Иван Максимович вспоминал одну давнюю поездку, себя, слегка лысеющего молодого мужчину, жену, которой сбросить пару килограммов – и будет сносной, и весь свой отдел, радостно вырвавшийся на волю. Еще был жив старший счетовод Васильев. Коллега из дружественного планового отдела (фамилию Иван Максимович уже запамятовал) здорово пел под гитару, и все говорили, что ему надо в театре, а не на заводе работать. И было много других приятных людей и событий, и красное вино, и волейбол на солнечной полянке. Иван Максимович вспоминал все, что подготовило его первое лесное откровение.
Тогда он до неприличия объелся шашлычным мясом, добавил печеной картошки и понял, что его вот-вот разорвет, если он немедленно не уединится. Для конспирации Иван Максимович несколько минут мужественно обмахивался газетой, затем отгонял мух, вроде бы погрузился в статью, оторвался со словами: «Что за глупости!» – после чего излишне тщательно скомкал газету и, стыдливо оглядываясь по сторонам, скрылся за деревьями от посторонних глаз.
Будучи конфузливым человеком, Иван Максимович углублялся в лес все дальше и дальше. То ему казалось, что за соседним кустом раздаются поцелуи, то чья-то негромкая речь. Подступивший спазм заставил его было присесть под мшистым дубком, как совсем рядом прошли двое увлеченно беседующих мужчин.
Один говорил изнывающим от подступающего смеха голосом:
– И получается, что коммунизм Маркса не более чем иудейско-христианский образчик эсхатологии Среднего Востока, с той разницей, что роль Спасителя, то есть невинно умерщвленного праведника, играет сам пролетариат. – Тут он не выдержал и прыснул тонким смешком. – Вы представляете, Николай Андреевич?! Страдания пролетариата, по Марксу, изменят нравственный статус мира. Вот вам и традиционная христианская доктрина!

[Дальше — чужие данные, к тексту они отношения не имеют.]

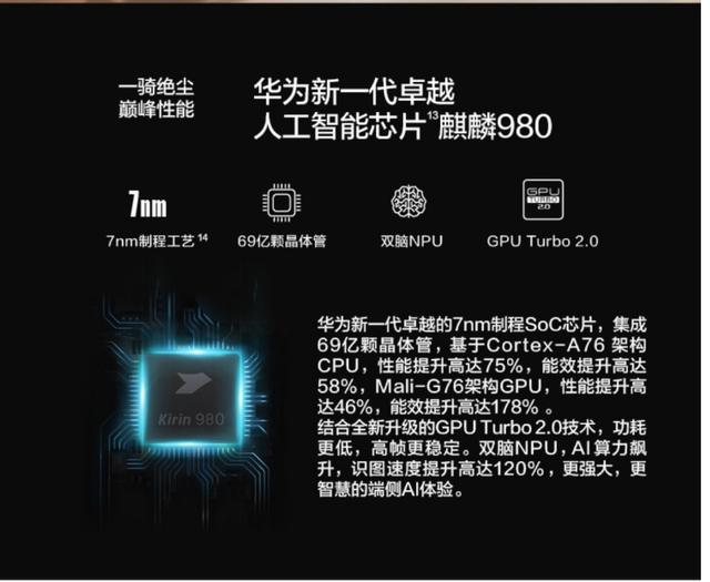 - 麒麟980 7nm a76架构,华为最新的990也是a76所以980到990进步不是很大,可以期待一下今年下半年的麒麟1020。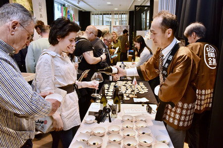 兵庫県産の酒米「山田錦」を使った日本酒を試飲する参加者=24日、ブリュッセルの日本大使館

На этих словах второй тип тоже не выдержал и разразился оглушительным хохотом:
– Ну, Кирилл Аркадьевич, ну, скажешь!
Его остроумный собеседник стоял, согнувшись пополам, и только обессилено постанывал, утирая выступившие от смеха слезы. Вдруг они оба заметили обмершего Ивана Максимовича.
Тот, кого звали Николаем Андреевичем, еще задыхаясь, произнес:
– Вы уж извините, но просто нет никаких сил, – и снова загоготал.
Иван Максимович, словно в оправданье, показал им судорожно нашаренный гриб. Он держал его перед собой как распятье, и парочка, точно потеряв Ивана Максимовича из виду, зашагала дальше.
Какое-то время доносился пронзительный голос Кирилла Аркадьевича: «Чем для них пролетариат не Христос? Тут тебе и спасительная миссия, и апокалиптическая битва добра и зла, заканчивающаяся безоговорочной победой добра…»
«Уморил, уморил, шельма!» – надрывался от смеха Николай Андреевич.